**DATASET ENTRIES**
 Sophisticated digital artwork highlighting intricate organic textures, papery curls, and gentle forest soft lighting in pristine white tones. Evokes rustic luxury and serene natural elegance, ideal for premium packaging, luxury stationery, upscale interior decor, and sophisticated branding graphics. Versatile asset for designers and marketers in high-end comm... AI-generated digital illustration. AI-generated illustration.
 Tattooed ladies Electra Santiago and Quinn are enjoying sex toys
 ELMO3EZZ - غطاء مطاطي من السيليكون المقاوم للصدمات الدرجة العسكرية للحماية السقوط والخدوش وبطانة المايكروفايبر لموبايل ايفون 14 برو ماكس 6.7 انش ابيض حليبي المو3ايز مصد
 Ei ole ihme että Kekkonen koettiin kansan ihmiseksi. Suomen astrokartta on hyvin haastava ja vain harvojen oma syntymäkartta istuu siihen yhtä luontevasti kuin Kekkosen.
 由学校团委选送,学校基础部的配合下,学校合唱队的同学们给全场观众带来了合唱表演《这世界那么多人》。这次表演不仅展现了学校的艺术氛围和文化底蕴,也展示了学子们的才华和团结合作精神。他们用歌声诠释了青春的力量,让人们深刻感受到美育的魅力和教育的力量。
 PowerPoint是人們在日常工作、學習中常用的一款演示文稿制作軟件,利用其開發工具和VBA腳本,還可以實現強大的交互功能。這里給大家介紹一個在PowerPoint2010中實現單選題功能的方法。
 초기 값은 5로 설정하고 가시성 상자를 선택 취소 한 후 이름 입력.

* * *

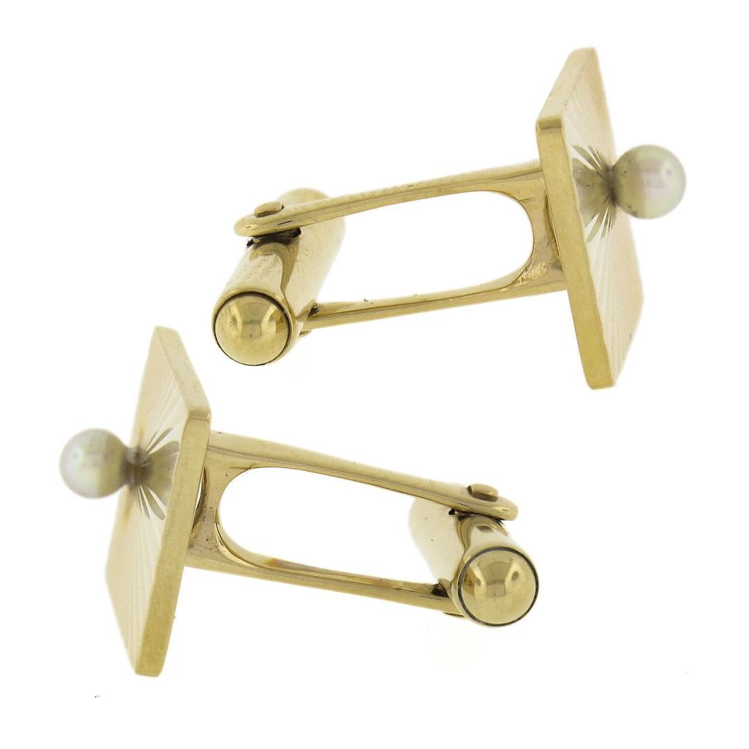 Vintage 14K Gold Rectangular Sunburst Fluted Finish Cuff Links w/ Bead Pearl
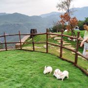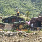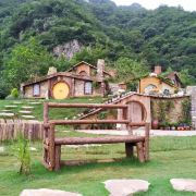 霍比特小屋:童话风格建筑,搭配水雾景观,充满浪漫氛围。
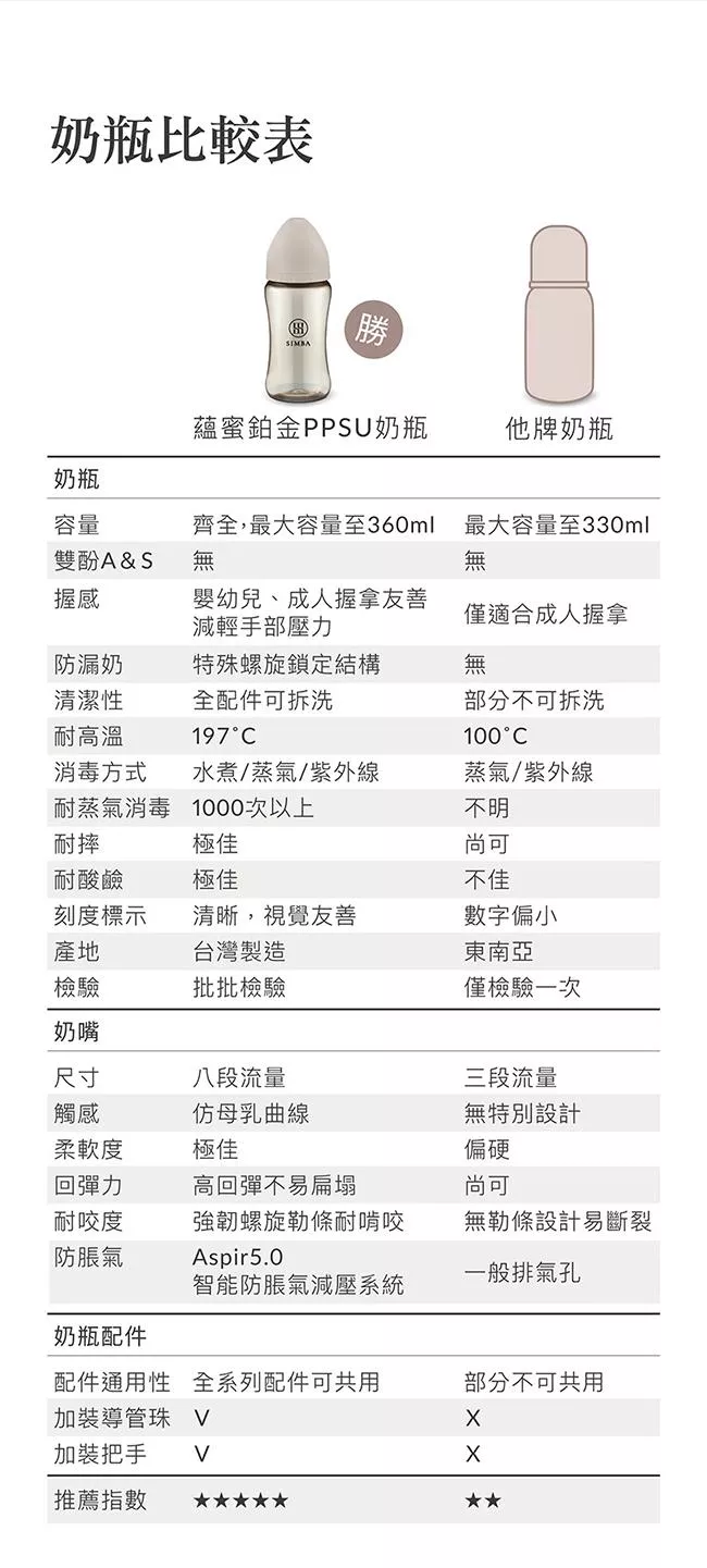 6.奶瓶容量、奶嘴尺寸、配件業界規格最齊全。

---

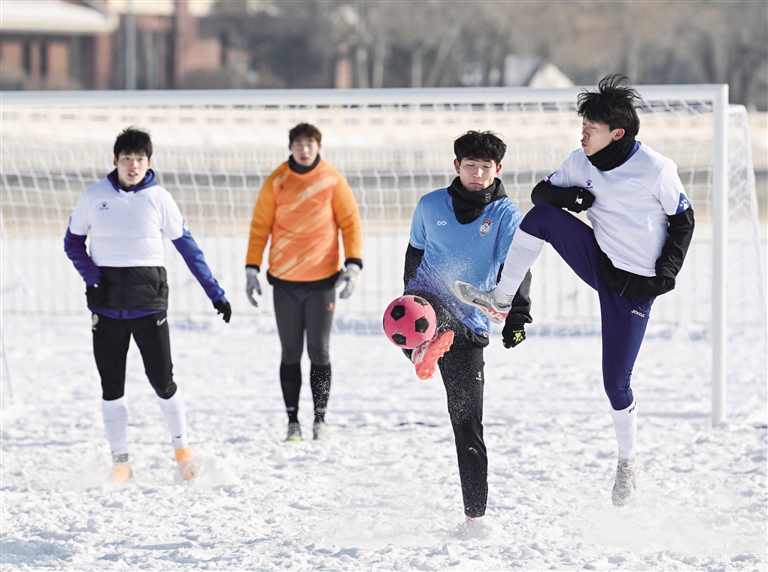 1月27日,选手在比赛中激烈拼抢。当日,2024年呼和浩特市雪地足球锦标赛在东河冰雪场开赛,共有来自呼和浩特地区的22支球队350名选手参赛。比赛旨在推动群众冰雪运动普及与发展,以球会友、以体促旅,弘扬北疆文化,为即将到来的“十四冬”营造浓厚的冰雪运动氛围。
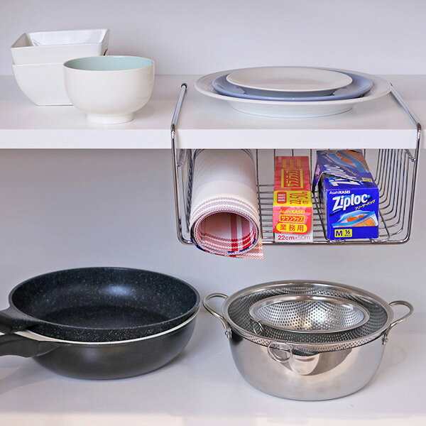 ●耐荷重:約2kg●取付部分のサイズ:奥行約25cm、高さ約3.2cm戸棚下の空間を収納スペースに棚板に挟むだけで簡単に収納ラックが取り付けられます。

**DESCRIPTION OF THE TASK**
Retype the records above, but only those lines that fall between the line containing "Sophisticated digital artwork" and the line containing "초기 값은 5로 설정하고 가시성 상자를 선택 취소 한 후 이름 입력.", with both of those lines included, exactly as written.

**REPLY**
 Sophisticated digital artwork highlighting intricate organic textures, papery curls, and gentle forest soft lighting in pristine white tones. Evokes rustic luxury and serene natural elegance, ideal for premium packaging, luxury stationery, upscale interior decor, and sophisticated branding graphics. Versatile asset for designers and marketers in high-end comm... AI-generated digital illustration. AI-generated illustration.
 Tattooed ladies Electra Santiago and Quinn are enjoying sex toys
 ELMO3EZZ - غطاء مطاطي من السيليكون المقاوم للصدمات الدرجة العسكرية للحماية السقوط والخدوش وبطانة المايكروفايبر لموبايل ايفون 14 برو ماكس 6.7 انش ابيض حليبي المو3ايز مصد
 Ei ole ihme että Kekkonen koettiin kansan ihmiseksi. Suomen astrokartta on hyvin haastava ja vain harvojen oma syntymäkartta istuu siihen yhtä luontevasti kuin Kekkosen.
 由学校团委选送,学校基础部的配合下,学校合唱队的同学们给全场观众带来了合唱表演《这世界那么多人》。这次表演不仅展现了学校的艺术氛围和文化底蕴,也展示了学子们的才华和团结合作精神。他们用歌声诠释了青春的力量,让人们深刻感受到美育的魅力和教育的力量。
 PowerPoint是人們在日常工作、學習中常用的一款演示文稿制作軟件,利用其開發工具和VBA腳本,還可以實現強大的交互功能。這里給大家介紹一個在PowerPoint2010中實現單選題功能的方法。
 초기 값은 5로 설정하고 가시성 상자를 선택 취소 한 후 이름 입력.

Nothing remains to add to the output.